Neben chromogenen Triglyceriden wurden auch Fettsäureester von Fluorophoren (z.B. Methylumbelliferon; Analytic Sciences February 1991 , Vol. 7, 15-18) beschrieben, die im intakten Zustand wenig, nach Hydrolysespaltung stärker fluoreszieren (Biochemica et Biophysica Acta, 1006 (1989) 84-88). Allgemein werden hier sehr hohe Mengen an Substrat benötigt, die bei Analysen von nativem biologischen Material zu Artefakten führen können.In addition to chromogenic triglycerides, fatty acid esters of fluorophores (e.g. methylumbelliferone; Analytic Sciences February 1991, Vol. 7, 15-18) have also been described, which fluoresce little intact and, after hydrolysis cleavage, fluoresce less (Biochemica et Biophysica Acta, 1006 (1989) 84-88 ). In general, very high amounts of substrate are required here, which can lead to artifacts when analyzing native biological material.

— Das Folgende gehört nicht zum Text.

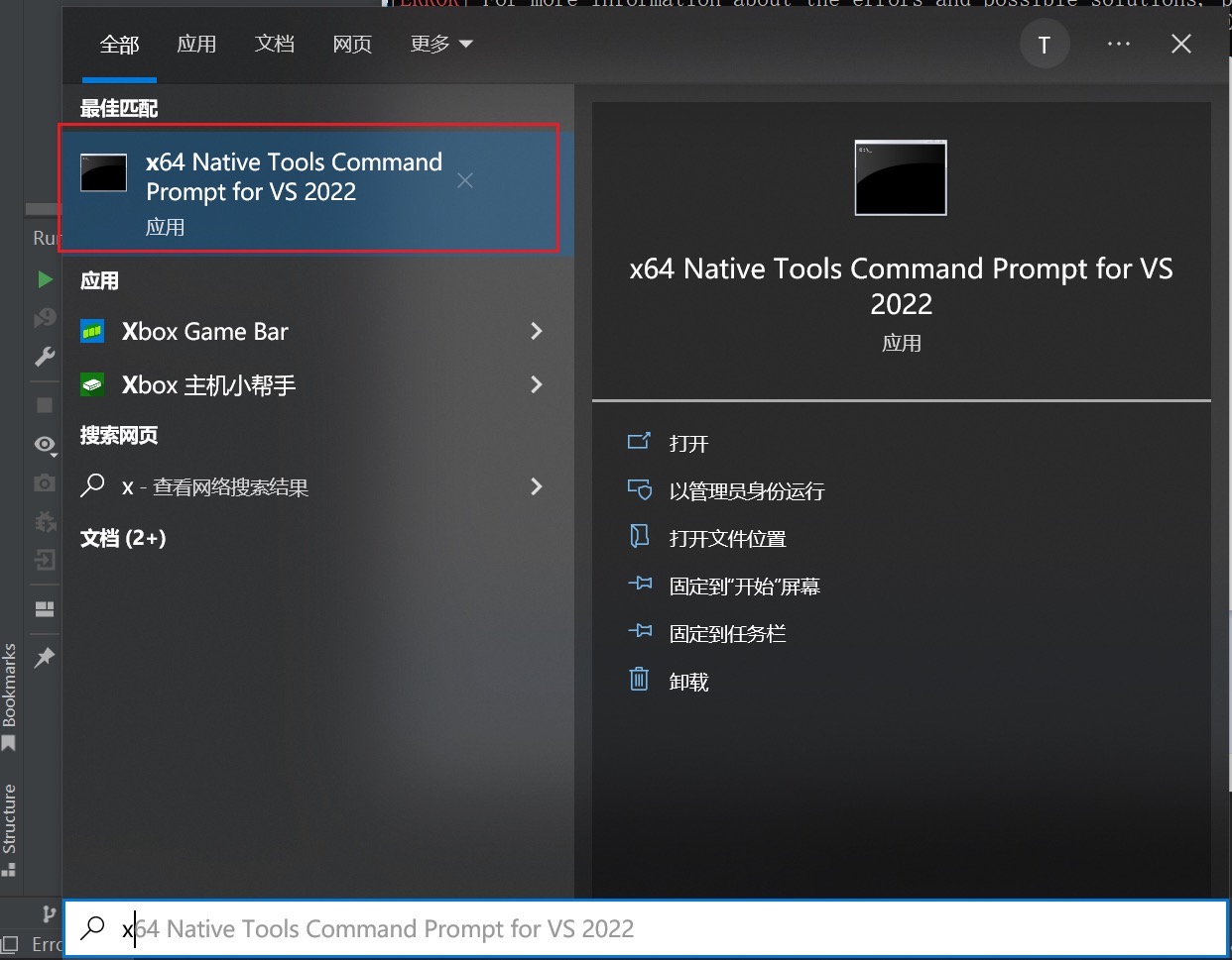 现在接近尾声了,从你的 windows 搜索窗口,打开 Native Tools Command Prompt ,然后进入到你的项目路径。

Bei allen bisher bekannten Methoden wird Detergenz für die Solubilisierung des lipophilen Substrates benötigt. Dadurch wird vielfach das native biologische Milieu zerstört (z.B. Solubilisierung von Lipoproteinen und Denaturierung von Proteinen im menschlichen Serum) (Human Serum Lipoproteins, Fruchart & Shepherd, de Gruyter 1989).In all of the methods known to date, detergent is required for the solubilization of the lipophilic substrate. This often destroys the native biological milieu (e.g. solubilization of lipoproteins and denaturation of proteins in human serum) (Human Serum Lipoproteins, Fruchart & Shepherd, de Gruyter 1989).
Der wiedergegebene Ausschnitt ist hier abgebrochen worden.